According to IAA’s coin expert Dr. Robert Kool, “The coins were in excellent preservation and were immediately identifiable even without cleaning. The coins date from a relatively brief period, from the late 940s to the 970s CE. This was a time of radical political change, when control over Eretz Israel passed from the Sunni Abbasid caliphate, whose capital was Baghdad, Iraq, into the hands of its Shi’ite rivals – the Fatimid dynasty of North Africa, who conquered Egypt, Syria and Eretz Israel in those years,” he said.
“The profile of the coins found in the juglet are a near-perfect reflection of the historical events,” Kool said. “Two gold dinars were minted in Ramla during the rule of Caliph al-Muti‛ (946–974 CE) and his regional governor, Abu ‛Ali al-Qasim ibn al-Ihshid Unujur (946–961 CE). The other two gold coins were minted in Cairo by the Fatimid rulers al-Mu‘izz (953–975 CE) and his successor, al-‘Aziz (975–996 CE).”
Kool noted that this was a rare find. “This is the first time in 50 years that a gold cache from the Fatimid period has been discovered in Jerusalem’s Old City. In the large-scale excavations directed by Prof. Benjamin Mazar after the Six Day War, not far from the current discovery, five-coin and jewelry hoards from this period were uncovered south of the Temple Mount.”
While four modern-day coins may not add up to much, “Four dinars was a considerable sum of money for most of the population, who lived under difficult conditions at the time. It was equal to the monthly salary of a minor official, or four months’ salary for a common laborer,” he said.
“Compared with those people, the small handful of wealthy officials and merchants in the city earned huge salaries and amassed vast wealth,” Kool said. “A senior treasury official could earn 7,000 gold dinars a month, and also receive additional incomes from his rural estates amounting to hundreds of thousands of gold dinars a year.”

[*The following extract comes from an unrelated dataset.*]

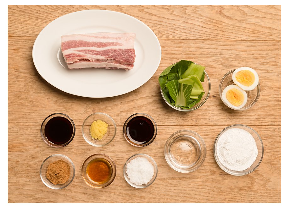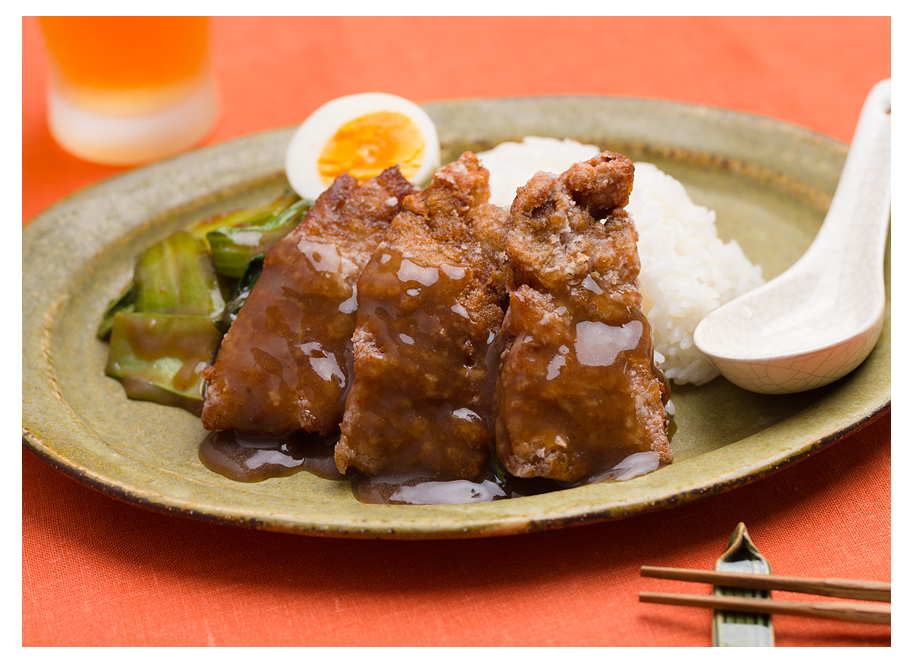 お皿に温かいご飯、半分にカットしたゆで卵、豚肉をのせ(3)をかけて完成。豚バラ肉の油がジューシーです。台湾では屋台で食べられる簡単な調理飯です!ビールと一緒に召し上がれ。

Herzl Ben Ari, director of the Jewish Quarter Development Corporation – who happened to visit the excavation site when the coins were exposed – said that, “although we are used to archaeological discoveries once in a while, it is always very exciting to uncover Jerusalem’s unique and turbulent past. Once the elevator project is complete, we intend to allow the public to view large numbers of the archaeological finds.”